───── Listed records

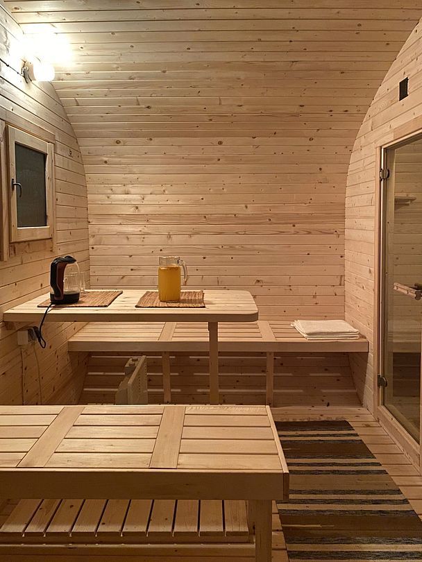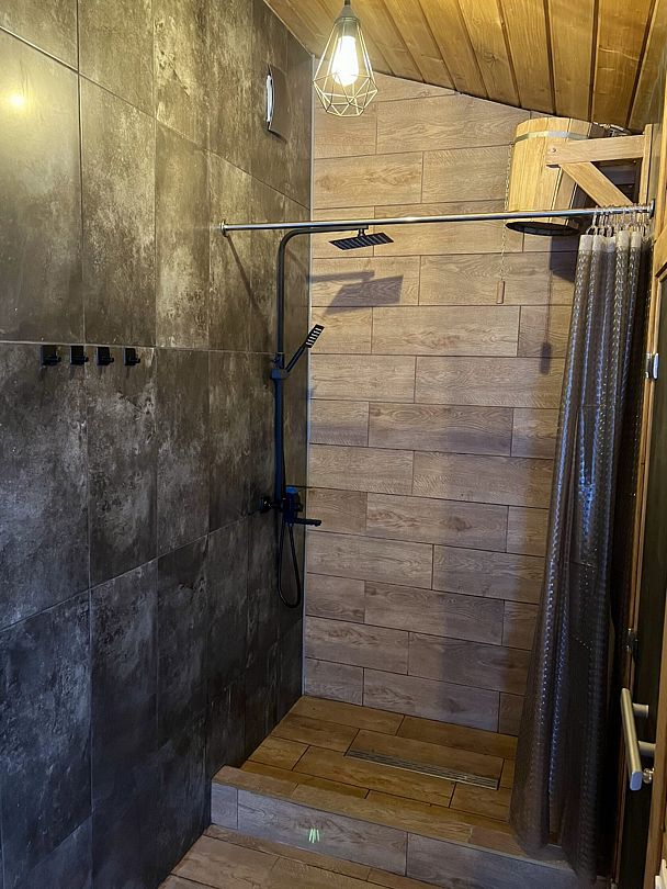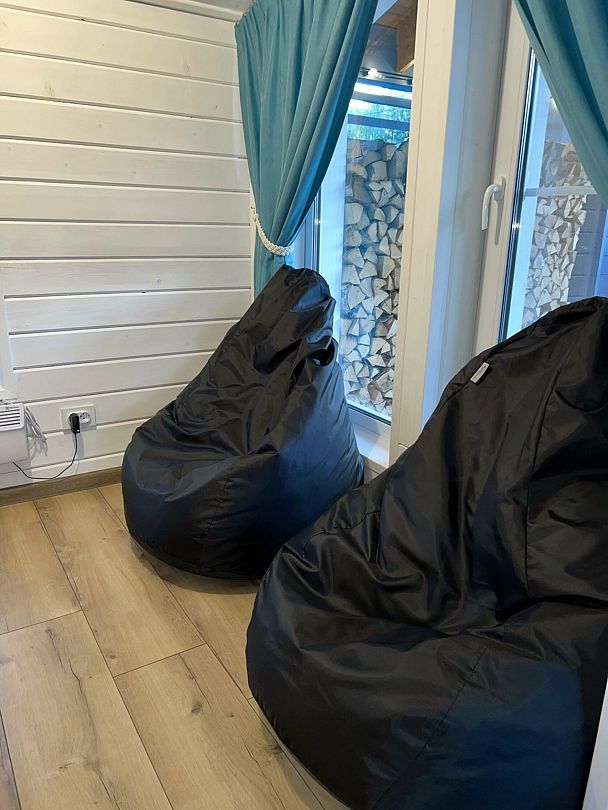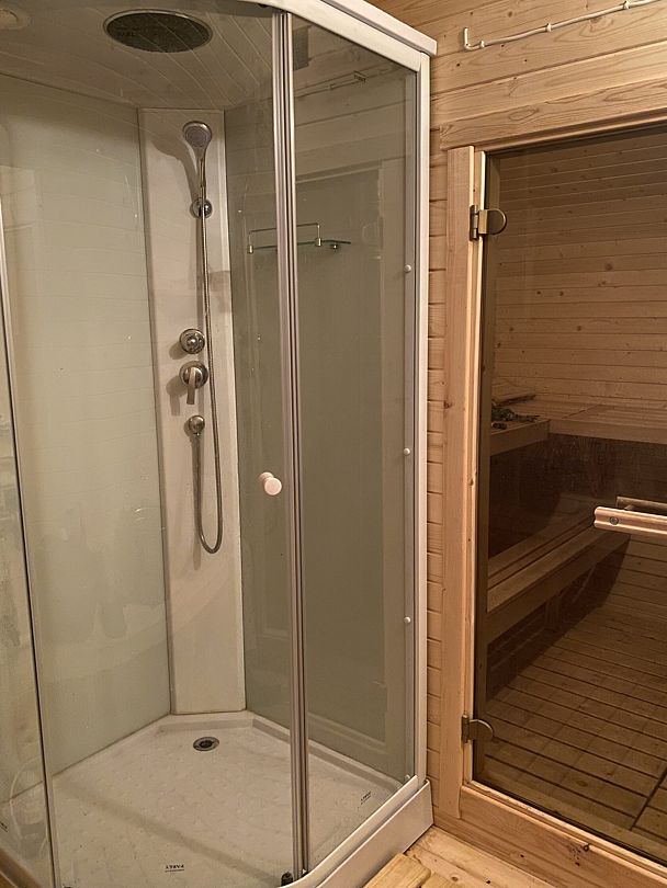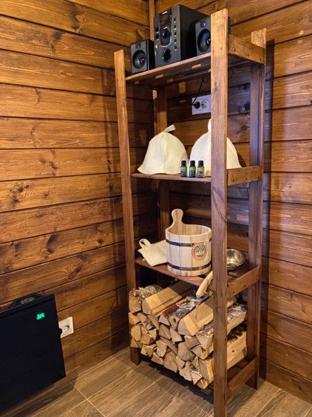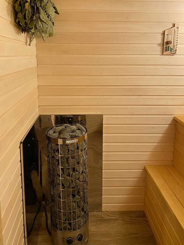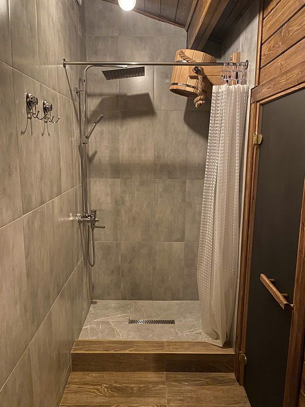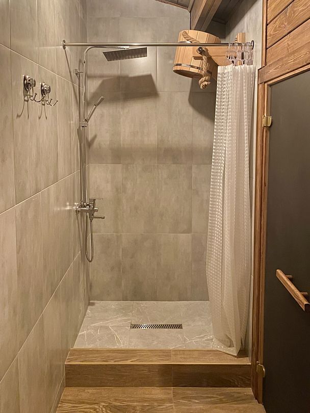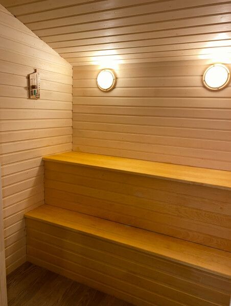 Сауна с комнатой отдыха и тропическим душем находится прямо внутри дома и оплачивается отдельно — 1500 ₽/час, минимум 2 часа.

──────────
───── Listed records

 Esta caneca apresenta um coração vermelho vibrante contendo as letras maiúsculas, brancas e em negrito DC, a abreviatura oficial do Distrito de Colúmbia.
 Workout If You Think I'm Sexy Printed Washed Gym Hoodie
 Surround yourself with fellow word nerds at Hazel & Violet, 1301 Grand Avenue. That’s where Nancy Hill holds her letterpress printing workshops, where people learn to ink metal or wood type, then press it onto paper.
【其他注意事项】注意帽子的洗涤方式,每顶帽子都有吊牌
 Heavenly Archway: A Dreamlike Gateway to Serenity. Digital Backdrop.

──────────
───── Listed records

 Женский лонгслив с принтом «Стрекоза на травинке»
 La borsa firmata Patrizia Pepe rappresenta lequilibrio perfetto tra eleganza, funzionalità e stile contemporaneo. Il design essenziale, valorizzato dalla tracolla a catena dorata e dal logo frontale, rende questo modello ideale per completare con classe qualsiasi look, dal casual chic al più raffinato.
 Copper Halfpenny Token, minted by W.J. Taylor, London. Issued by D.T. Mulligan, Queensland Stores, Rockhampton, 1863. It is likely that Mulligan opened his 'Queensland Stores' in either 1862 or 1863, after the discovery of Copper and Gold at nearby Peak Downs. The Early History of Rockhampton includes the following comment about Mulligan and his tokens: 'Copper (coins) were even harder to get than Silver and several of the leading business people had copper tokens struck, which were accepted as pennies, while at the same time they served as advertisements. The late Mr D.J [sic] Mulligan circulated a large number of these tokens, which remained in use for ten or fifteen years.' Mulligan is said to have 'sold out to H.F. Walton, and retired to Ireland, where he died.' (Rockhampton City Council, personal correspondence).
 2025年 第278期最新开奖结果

──────────

From the records above, give again exactly the lines running from the line with "Copper Halfpenny Token, minted" to the line with "2025年 第278期最新开奖结果", inclusive.

Task solution -
 Copper Halfpenny Token, minted by W.J. Taylor, London. Issued by D.T. Mulligan, Queensland Stores, Rockhampton, 1863. It is likely that Mulligan opened his 'Queensland Stores' in either 1862 or 1863, after the discovery of Copper and Gold at nearby Peak Downs. The Early History of Rockhampton includes the following comment about Mulligan and his tokens: 'Copper (coins) were even harder to get than Silver and several of the leading business people had copper tokens struck, which were accepted as pennies, while at the same time they served as advertisements. The late Mr D.J [sic] Mulligan circulated a large number of these tokens, which remained in use for ten or fifteen years.' Mulligan is said to have 'sold out to H.F. Walton, and retired to Ireland, where he died.' (Rockhampton City Council, personal correspondence).
 2025年 第278期最新开奖结果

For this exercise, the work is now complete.